E. 6.1 Selon l'art. 83 al. 4 LEtr, l'exécution de la décision peut ne pas être raisonnablement exigée si le renvoi ou l'expulsion de l'étranger dans son pays d'origine ou de provenance le met concrètement en danger, par exemple en cas de guerre, de guerre civile, de violence généralisée ou de nécessité médicale. Cette disposition s'applique en premier lieu aux « réfugiés de la violence », soit aux étrangers qui ne remplissent pas les conditions de la qualité de réfugié parce qu'ils ne sont pas personnellement persécutés, mais qui fuient des situations de guerre, de guerre civile ou de violence généralisée, et ensuite aux personnes pour qui un retour reviendrait à les mettre concrètement en danger, notamment parce qu'elles ne pourraient plus recevoir les soins dont elles ont besoin. (ATAF 2014/26 consid. 7.3-7.10 ; ATAF 2011/50 consid. 8.1 8.3).

E. 6.2 Il est notoire que l'Erythrée ne connaît plus une situation de guerre, de guerre civile ou de violence généralisée qui permettrait d'emblée - et indépendamment des circonstances du cas d'espèce - de présumer, à propos de tous les ressortissants du pays, l'existence d'une mise en danger concrète au sens de l'art. 83 al. 4 LEtr.
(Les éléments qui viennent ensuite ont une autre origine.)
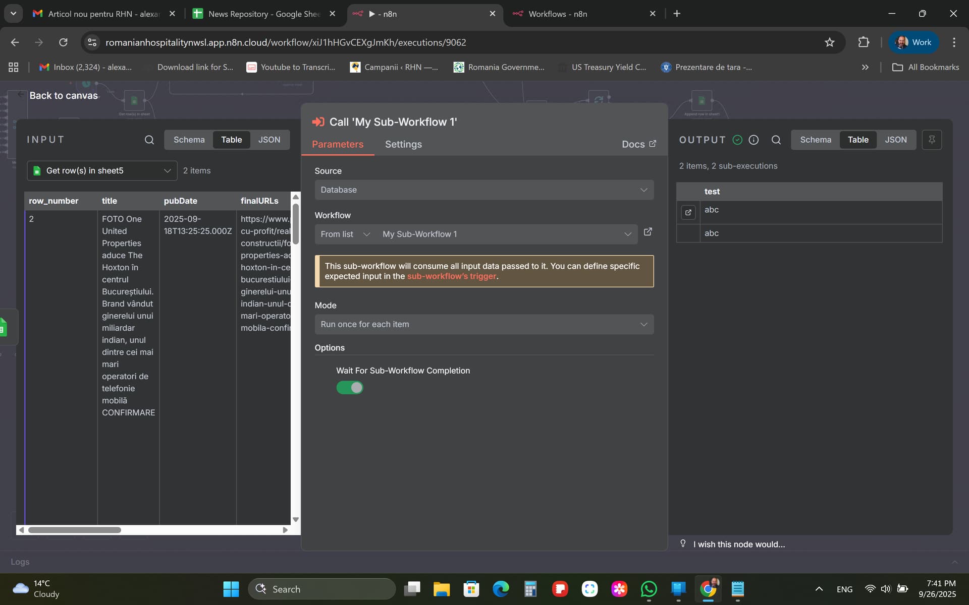 when i execute the parent node that launches the sub-workflow it first displays a Waiting for input message in the output window. The suppose i have launched subworkflows for each of the 2 items i had in the parent node on the input side. After i complete the form for the first item the output window of the execute workflow node changes to displaying the entire input window showing both items that were in the input window (on top of the table it says 2 items, 2 sub-executions), when in fact it should have waited for the second item subworkflow to be completed (it should maybe have reported 2 items, 1 sub-execution). Now i completed the secodn subworkflow and looked back into the output window of the parent node and nothing changes there still on top of the table in the output it says 2 items, 2 sub-executions.

E. 6.3 En outre, il ne ressort du dossier aucun élément dont on pourrait inférer que l'exécution du renvoi impliquerait une mise en danger concrète de la recourante. A cet égard, le Tribunal relève qu'elle est jeune, sans charge de famille et n'a pas allégué de problème de santé particulier. En outre, elle dispose d'un réseau familial dans son pays (parents et deux frères sur place), sur lequel elle pourra compter à son retour.
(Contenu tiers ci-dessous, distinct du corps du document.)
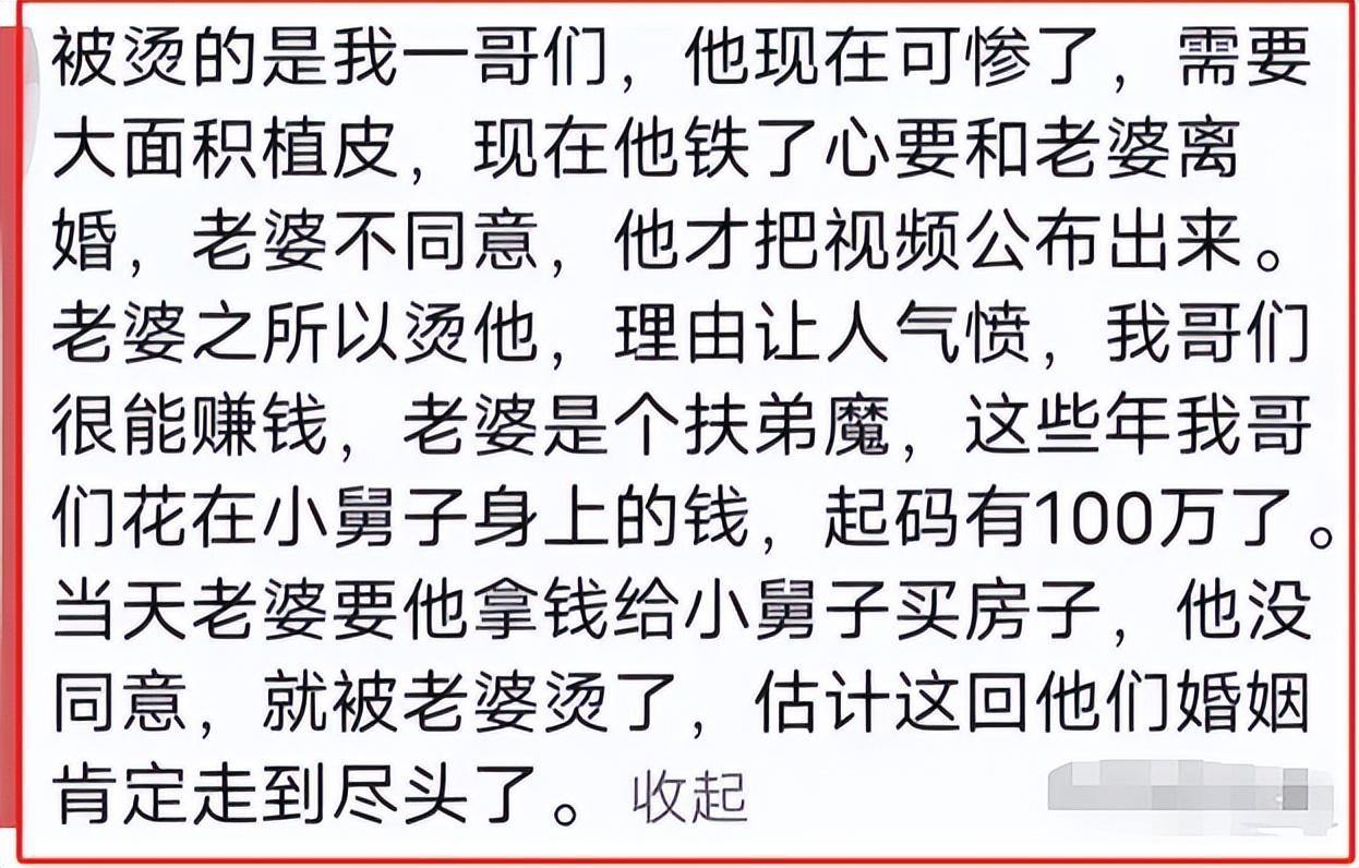 就在大家熱議的同時,一位自稱被潑熱水丈夫的朋友發聲爆料了。

E. 6.4 Pour ces motifs, l'exécution du renvoi doit être considérée comme raisonnablement exigible.

E. 7 Enfin, la recourante est en mesure d'entreprendre toute démarche nécessaire auprès de la représentation de son pays d'origine en vue de l'obtention de documents de voyage lui permettant de quitter la Suisse. L'exécution du renvoi ne se heurte donc pas à des obstacles insurmontables d'ordre technique et s'avère également possible (cf. ATAF 2008/34 consid. 12).

E. 8 Dès lors, la décision attaquée ne viole pas le droit fédéral, a établi de manière exacte et complète l'état de fait pertinent (art. 106 al. 1 LAsi) et, dans la mesure où ce grief peut être examiné (art. 49 PA, cf. ATAF 2014/26 consid. 5), n'est pas inopportune. En conséquence, le recours est rejeté.

E. 9 Au vu de l'issue de la cause, il y a lieu de mettre les frais de procédure à la charge de la recourante, conformément aux art. 63 al. 1 PA et art. 2 et 3 let. b du règlement du 21 février 2008 concernant les frais, dépens et indemnités fixés par le Tribunal administratif fédéral (FITAF, RS 173.320.2). (dispositif page suivante)

Dispositiv
  1. Le recours est rejeté.
  2. Les frais de procédure, d'un montant de 750 francs, sont mis à la charge de la recourante. Ce montant doit être versé sur le compte du Tribunal dans les 30 jours dès l'expédition du présent arrêt.
  3. Le présent arrêt est adressé au mandataire de la recourante, au SEM et à l'autorité cantonale. Le président du collège :
Volltext (verifizierbarer Originaltext)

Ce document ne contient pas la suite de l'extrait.